0xb2 emergency - overview of intranet security monitoring

Posted by trammel at 2020-04-12

It's been three months since it disappeared. I told you in my friend circle two days ago that this series won't end:), last time we talked about how to do security for a server. As long as it's solid and solid, it's not difficult to fix it frequently, observe the state more, and respond to security events in time. But the reality is that there will not be a server in an enterprise, so it is very important to build a complete security monitoring system inside the enterprise, so in this article, we will talk about security monitoring.

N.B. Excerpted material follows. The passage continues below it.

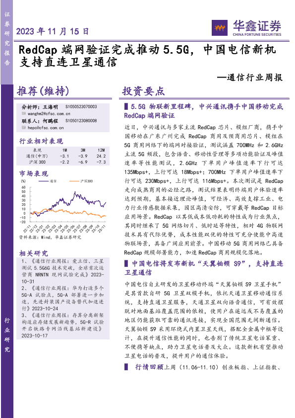 【华鑫证券】【20231115】通信行业周报:RedCap端网验证完成推动5.5G,中国电信新机支持直连卫星通信-22页

0x00 enterprise security statement cycle:

First of all, make it clear that network security monitoring is a very important part of enterprise security management, so we have to say what is the life cycle of enterprise security. The enterprise security life cycle includes planning stage, resistance stage and monitoring and response stage. Draw a picture to show:

So when we do network security monitoring, monitoring and the corresponding stage is where we need to invest the most. This link is the basis for analysts to collect, analyze and upgrade iterations for monitoring and intrusion response, so we need to draw a diagram to illustrate this.

In the information collection phase, we need to collect as much information as possible about various machines in the intranet. We can collect the information of the intranet with the help of NIDS, HIDS, Siem and other log collection devices. When we detect that a server or host has made an abnormal request, we enter the analysis phase. We can match or not use the threat with the help of the rules of IOCS IOC is used for information retrieval. When the event is solved, we need to update the data and requirements of IOC. Finally, we return the updated data to our monitoring system and complete an iteration.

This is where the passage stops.